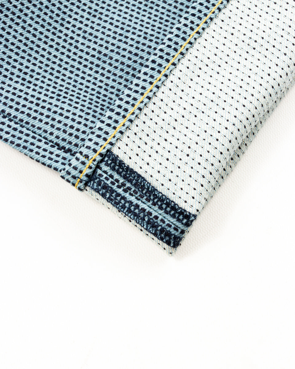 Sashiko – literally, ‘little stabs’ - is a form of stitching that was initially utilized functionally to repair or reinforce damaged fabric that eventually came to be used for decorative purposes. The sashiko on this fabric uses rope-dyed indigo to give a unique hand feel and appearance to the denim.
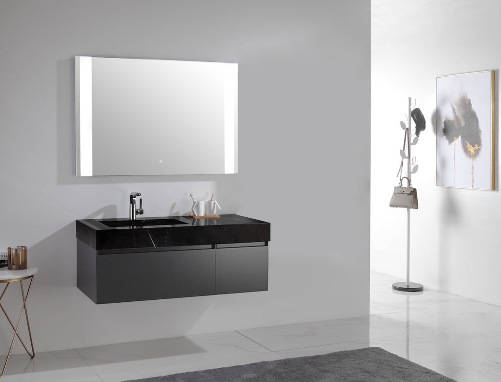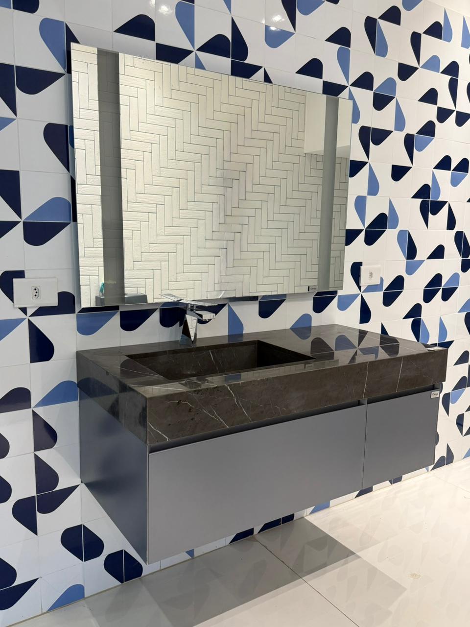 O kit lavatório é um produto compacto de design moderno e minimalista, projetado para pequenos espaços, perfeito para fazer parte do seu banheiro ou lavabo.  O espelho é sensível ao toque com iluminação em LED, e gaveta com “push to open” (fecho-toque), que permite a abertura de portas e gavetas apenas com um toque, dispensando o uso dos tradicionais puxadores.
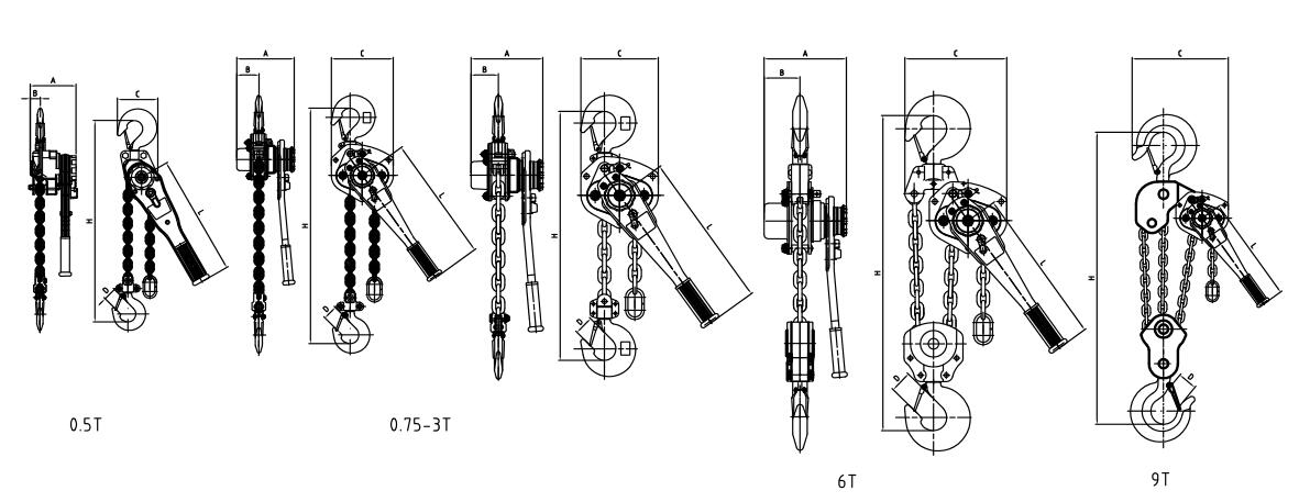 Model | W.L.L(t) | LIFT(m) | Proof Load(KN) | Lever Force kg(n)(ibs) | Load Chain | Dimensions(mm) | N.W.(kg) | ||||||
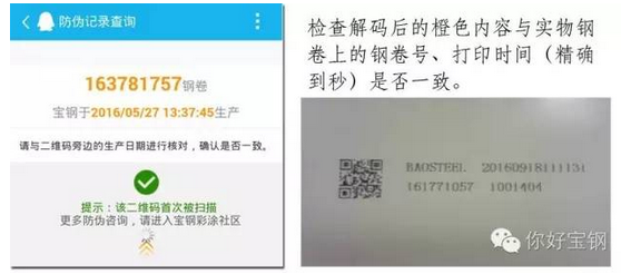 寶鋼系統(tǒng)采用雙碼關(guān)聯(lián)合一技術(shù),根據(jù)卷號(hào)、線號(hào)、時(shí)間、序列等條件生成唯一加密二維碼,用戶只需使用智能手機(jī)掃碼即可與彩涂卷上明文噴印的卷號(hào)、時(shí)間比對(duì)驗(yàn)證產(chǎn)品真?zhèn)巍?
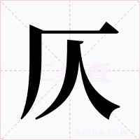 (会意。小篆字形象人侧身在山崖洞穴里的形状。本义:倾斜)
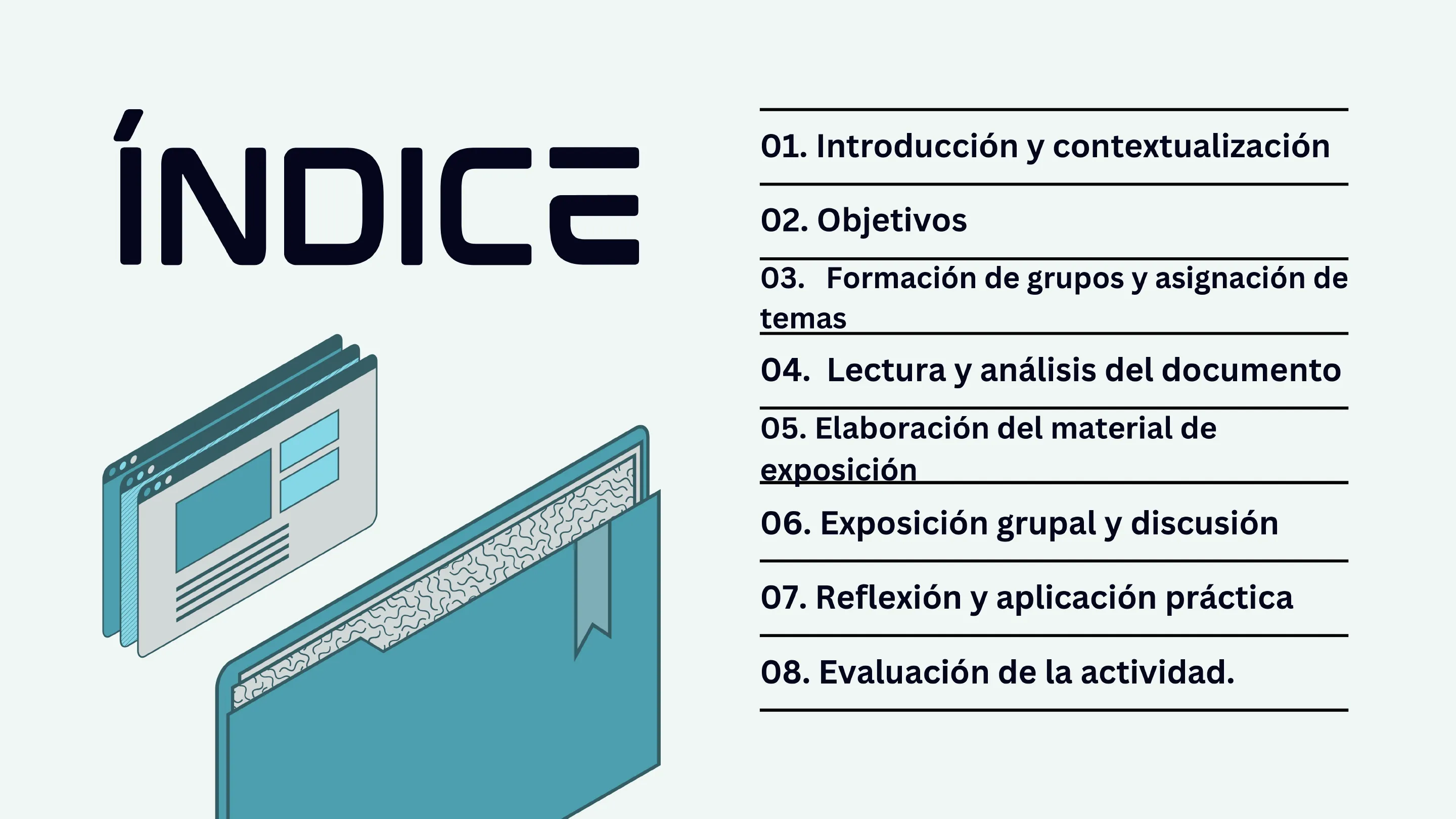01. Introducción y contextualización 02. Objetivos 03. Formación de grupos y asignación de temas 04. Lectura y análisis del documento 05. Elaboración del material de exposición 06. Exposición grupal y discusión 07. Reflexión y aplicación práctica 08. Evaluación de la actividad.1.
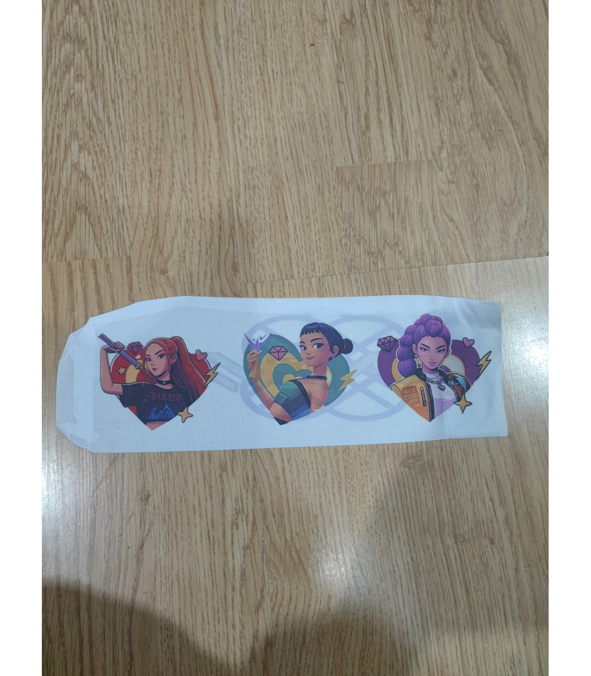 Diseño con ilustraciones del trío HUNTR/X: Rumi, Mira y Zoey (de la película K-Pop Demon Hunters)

§ §

Instructions for the task. Copy exactly the material above from the line with "O kit lavatório é" to the line with "Model | W.L.L(t)", ends included, and nothing else. Leave out any picture.

Task solution.
 O kit lavatório é um produto compacto de design moderno e minimalista, projetado para pequenos espaços, perfeito para fazer parte do seu banheiro ou lavabo.  O espelho é sensível ao toque com iluminação em LED, e gaveta com “push to open” (fecho-toque), que permite a abertura de portas e gavetas apenas com um toque, dispensando o uso dos tradicionais puxadores.
 Model | W.L.L(t) | LIFT(m) | Proof Load(KN) | Lever Force kg(n)(ibs) | Load Chain | Dimensions(mm) | N.W.(kg) | ||||||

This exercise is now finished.